For salaried employees, NPS offers one of the most powerful tax-saving options available, especially through:
- Section 80CCD(1): Deduction on your own contribution (within the overall ₹1.5 lakh limit under Section 80C)
- Section 80CCD(1B): Additional deduction of up to ₹50,000 for self-contributions over and above Section 80C
- Section 80CCD(2): Deduction on employer’s NPS contribution, with no upper limit for private sector employees under the new tax regime
NPS July 1, 2026 Changes: What Is Actually Changing?

These changes come from PFRDA Circular No. PFRDA/2026/23/REG-CRA/01 dated April 29, 2026, which clarifies the charge structure for CRAs (the companies that maintain and operate NPS account records). The two main CRAs in India are Protean eGov Technologies and KFintech. The changes come into effect from July 1, 2026.
Change 1: Dormant Accounts Now Get a Reduced AMC
This is the most significant change for people who opened an NPS account years ago but have not contributed to it recently.

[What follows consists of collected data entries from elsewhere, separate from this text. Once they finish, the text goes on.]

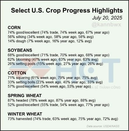 2. Tại Mỹ, tình trạng cây ngô giữ nguyên so với tuần trước, đúng như dự báo. Tuy nhiên, chất lượng đậu tương bất ngờ giảm, trái ngược với kỳ vọng sẽ được cải thiện nhẹ. Tương tự, xếp hạng lúa mì xuân cũng suy giảm so với dự đoán.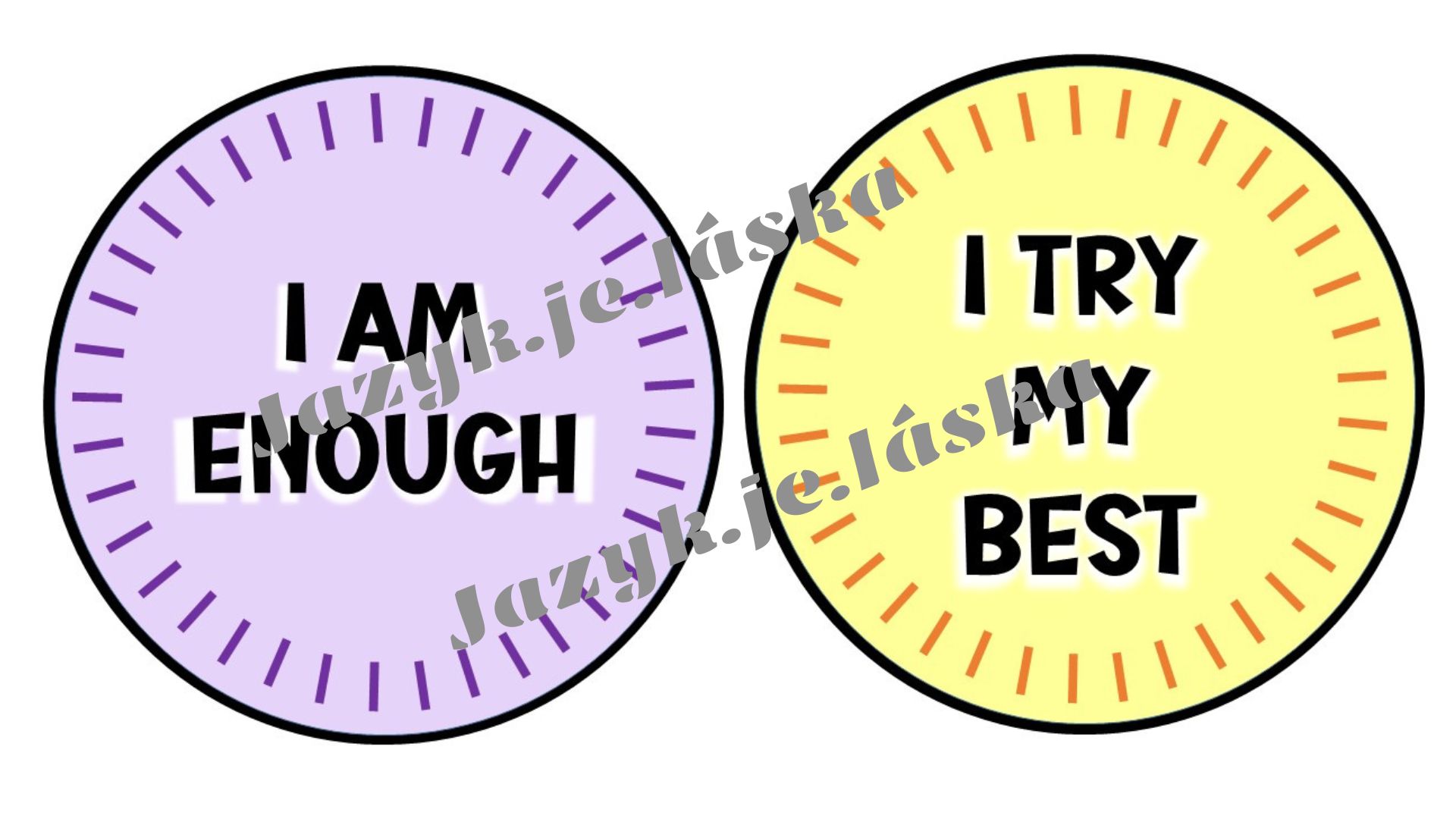 Soubor 12 afirmačních kartiček v AJ vhodných jako výzdoba školní třídy. Kartičky jsou zaměřené na podporu sebedůvěry, motivace a pozitivního klimatu ve třídě. Lze je využít při ranním kruhu, třídnických hodinách nebo jednoduše jako stálou vizuální podporu pro žáky.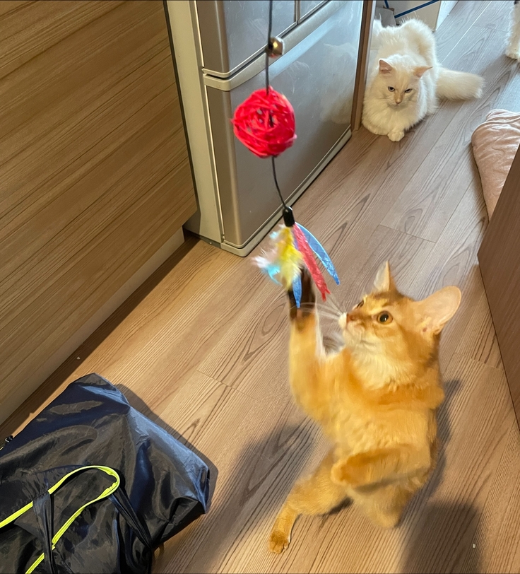 おもちゃのひもが切れてしまって、新しいじゃらしを購入しました^ ^

What is a dormant NPS account?
Under the new rules, an NPS account is classified as dormant if no contribution has been received into it for four consecutive quarters (which is one full year). An account that was dormant but receives a contribution will be flagged as “active” at the start of the next quarter.
What happens to the annual maintenance charge (AMC) on a dormant account?
From July 1, 2026, the AMC on a dormant Tier I or Tier II NPS account will be just 10% of the applicable standard AMC, not the full amount. This is a protective measure. Instead of penalising people with a full fee for an inactive account, the regulator has reduced the charge drastically as long as the account sits idle.
For example, if the standard AMC for your account type is ₹1,000 per year (charged quarterly as ₹250 per quarter), a dormant account will only attract ₹100 per year (₹25 per quarter) until you start contributing again.
What should you do?
If you have an NPS account you have not touched in a year or more, check its status. From July 1, 2026, it will be officially flagged as dormant, and a reduced AMC will apply. This is not a problem in itself but is a good reminder to either reactivate the account (start contributing again) or check that your account details like nominee, contact information, and KYC are up to date.
Change 2: Tier II AMC Is Now Aligned With Tier I
Previously, Tier I and Tier II accounts could have different AMC structures depending on the CRA. From July 1, 2026:
- The AMC for a Tier II account will be set equal to the AMC applicable to the Tier I account under the same sector (Government sector or Private sector).
- This brings uniformity across account types.
- Exception: If your Tier II account balance is ₹1,000 or less at the end of a quarter, no AMC will be charged on that Tier II account for that quarter. This protects subscribers with very small Tier II balances from being charged more than their balance justifies.
Change 3: Each Scheme Within a PRAN Is Treated as a Separate Account
Under the Multiple Scheme Framework (MSF), which was introduced earlier in 2026, NPS subscribers can now hold more than one scheme under the same PRAN. The July 1 clarification confirms that each such scheme will be treated as a separate account for AMC purposes. This means:
- If you have two schemes under your Tier I account, each scheme attracts its own AMC separately.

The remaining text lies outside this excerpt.